For above reasons, I am of the view the appellant’s current proceedings were estopped due to res judicata. The order made by the arbitrator was that the proceedings be dismissed. The respondent has a defence to the appellant’s claim, in its entirety, on the basis of res judicata. The appropriate order in my view is that there be an award for the respondent; in so far as a contrary order was made, this reflects an error I should correct on appeal. These are at least the third set of proceedings instituted by the appellant for the same relief flowing from the same injury. Given the history of litigation between the parties, the arbitrator was well entitled to reach the view (set out at T24.50) that the claim was vexatious and made without proper justification. This was sufficient to justify the costs order he made, having regard to the provisions of section 341(4) of the 1998 Act.
Costs on this appeal are within the discretion of the Commission. Section 341(4) provides:
“(4) The Commission may not order the payment of costs by a claimant unless the Commission is satisfied that the claim was frivolous or vexatious, fraudulent or made without proper justification.”
Since the original decision of Neilson J the appellant has instituted proceedings for the same relief, relying upon the same injury, in the Commission. When unsuccessful in those proceedings he has appealed unsuccessfully. He has then reinstituted the same matter in the Commission in the current proceedings. When unsuccessful, he has appealed that decision. This is not to mention matter no 19697-2004 (discontinued by consent), which may well have related to the same subject matter, but the pleadings of which are not before me. Having regard to the history of litigation (ignoring matter no 19697-2004), this is now the second set of proceedings the appellant has run to appeal level in the Commission, since losing before Neilson J in the Court, to be met with the same successful defence of res judicata.
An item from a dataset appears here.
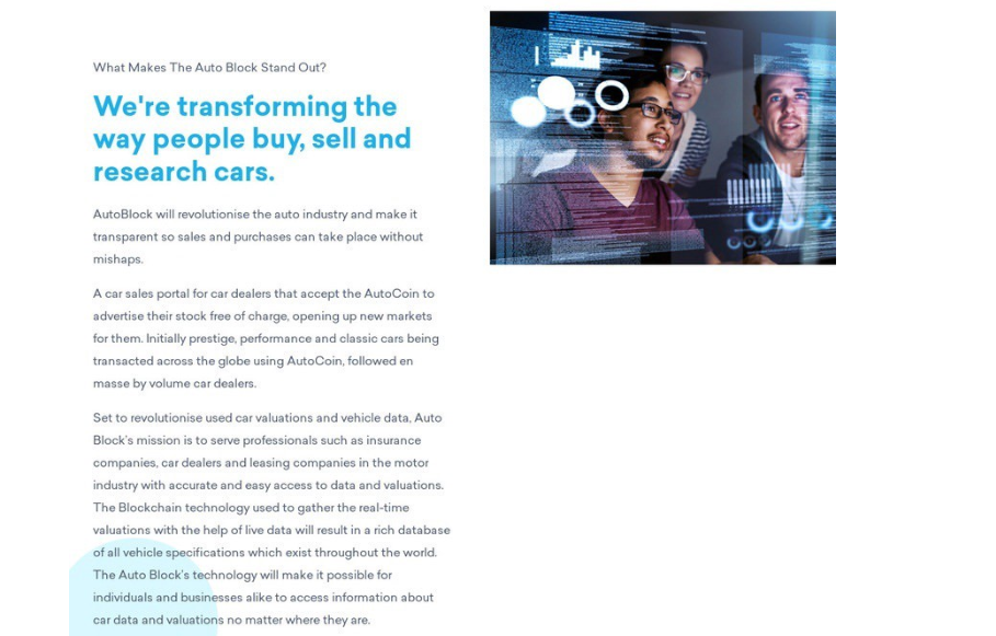 AutoBlock is a proud element, providing convenience and reliability, suitable for the automotive sector. Auto Block offers a number of unique products, but not crypto currency, which allows you to not only safely and quickly make transactions, but also gives you full access to the data, history and cost of the purchased car. Transparency for the buyer, as well as for the buyer. AutoBlock will revolutionize the automotive industry and make it transparent, which will simplify sales and purchases. Auto Block project is trying to link the automotive industry with cryptocurrency. It will enable car dealers to accept cryptocurrency as a payment option. The project has a sales portal called, “autocoinscar.com” where car dealers can sell the cars and accept cryptocurrency as a payment. This project also provides a platform for car dealers and buyers where they can access to an effective live car valuation tool. Autocoin will be the token which will be used in this platform for carrying out the transactions.

In my view the claim is frivolous and vexatious, and made without proper justification, such that it is appropriate I order the appellant to pay the costs of the respondent on this appeal.
DECISION
Order number 1 of the decision of the arbitrator dated 23 September 2005 is revoked and the following decision is made in its place:
“1. Award for the respondent.”
Order number 2 of the decision of the arbitrator dated 23 September 2005 is confirmed.
COSTS
The appellant is to pay the costs of the appeal.
Michael Snell
Acting Deputy President
25 July 2006
I CERTIFY THAT THIS IS A TRUE AND ACCURATE RECORD OF THE REASONS FOR DECISION OF MICHAEL SNELL, ACTING DEPUTY PRESIDENT OF THE WORKERS COMPENSATION COMMISSION.